Strategic Intelligence for CFOs, Finance Directors, Controllers and Treasurers in Asia  | 
2012, Feb 09

Risk Management: The Way Forward for Asia

Risk Management: The Way Forward for Asia

by Don Cooper-Williams, 20 August 2010

The global financial crisis had many causes, but failures in risk management were clearly a contributory factor. Although there were technical shortcomings, especially related to the use of risk models and metrics, a more widespread problem was a failure of governance, which meant that the legitimate warnings of risk managers went either unheeded or unnoticed. In the euphoria of the credit bubble preceding the crash, a culture in banking and insurance that prioritized short-term gains over prudence all too often rode roughshod over the concerns of risk managers.

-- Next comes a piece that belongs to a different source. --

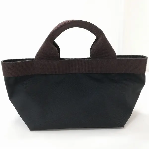 Herve chapelier エルベシャプリエ コーデュラナイロン 舟型 トート ハンドバッグ S ブラック×ブラウン
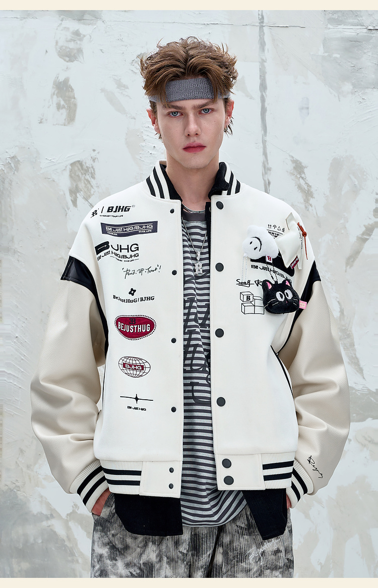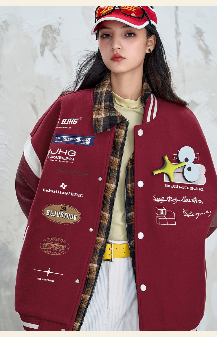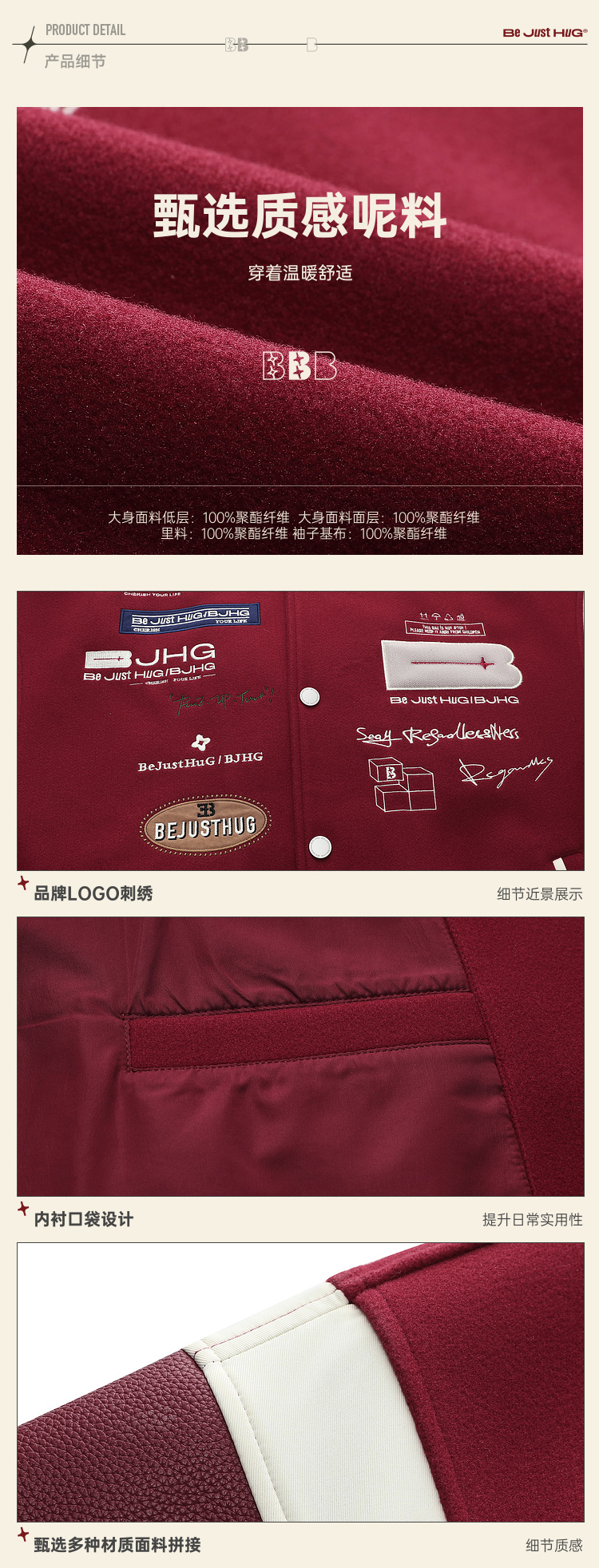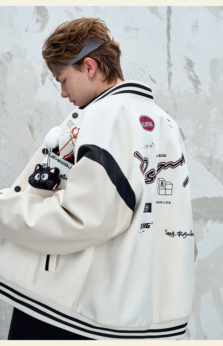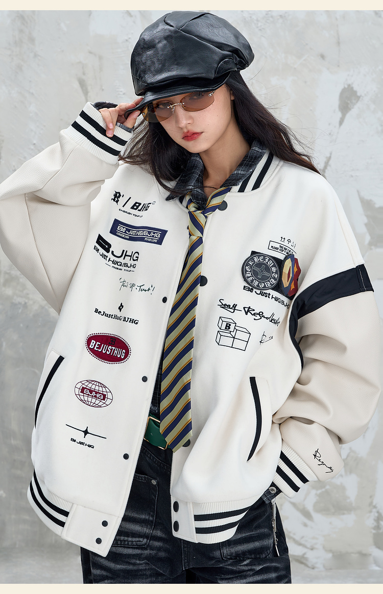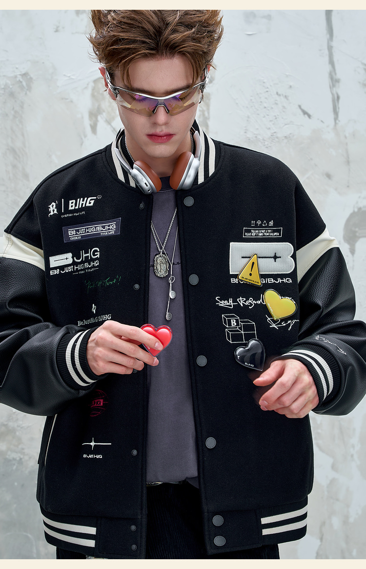 BJHG不计后果复古机车外套男款秋季美式潮流新款情侣棒球服夹克女

Many senior executives were more concerned with outperforming revenue and profit targets than paying heed to growing risk concentrations.

 
The crisis has changed that. Across the financial services industry in Asia, risk management has moved to the centre of strategic decision-making, and many institutions are revamping their entire approach to understanding and mitigating the risks that they face. For instance, many within the Asian financial services industry are looking for ways to lessen the burden on taxpayers. These taxpayers have, historically, have been hit hardest by the financial fallout from mismanagement and infrastructure failures in the banking industry. 
 
Earlier this year, the Economist Intelligence Unit conducted a global survey on behalf of SAS to track the progress of financial institutions in strengthening their risk management since the crisis. The survey attracted 346 respondents from across the banking and insurance industries.
 
The following outlines highlights of those survey findings along with related additional insights drawn across insurance, investment banking and retail banking sectors. These insights should serve as a baseline of key learning for Asia’s business leaders across all industries, not just financial services. With the framework for improvement in place, the region’s leaders can better incorporate risk management in their strategies to ensure continued growth and effective business strategies.  
 
Sector Analysis
  • Insurance. Insurers have mostly weathered the financial crisis well and the majority are optimistic about the future. Although there have been notable exceptions, most insurers have come through the crisis with no need for state support, and their business models and risk management processes have proven to be quite robust.
 
Compared to the banking sector, the financial crisis has inflicted only limited damage on the insurance industry. Although there were high-profile insurance victims of the financial crisis, the main chink in the armour of insurers, in hindsight, was their foray into quasi-banking activities that left them exposed to new and unfamiliar risks. Risk management processes held up reasonably well, while the peculiarities of the industry’s business model meant that it did not suffer the prospect of sudden death that crippled the banks.
 
While the industry can deservedly breathe a small sigh of relief, this is no time for complacency. Regulators are poised for action and have insurers in their sights. Data quality and availability remain a challenge, while the understandable emphasis on improving risk management is straining financial, technological and human resources. Insurers escaped the brunt of the financial crisis owing to a combination of factors, but addressing the shortfalls in risk management remains essential to their long-term health.
 
  • Investment Banking. Investment banks enjoyed a strong year in 2009, thanks to the actions of policy-makers, such as stimulus packages. But the risk of complacency remains. After the turmoil of the global financial crisis, investment banks enjoyed a spectacular rebound in the second half of last year.
 
The darkest days of the financial crisis may be behind them but investment banks face stiff challenges ahead. The withdrawal of fiscal stimulus packages, the sluggish economic recovery, the imposition of stricter capital and liquidity buffers and a slew of regulatory interventions in the pipeline are likely to make the business environment more challenging.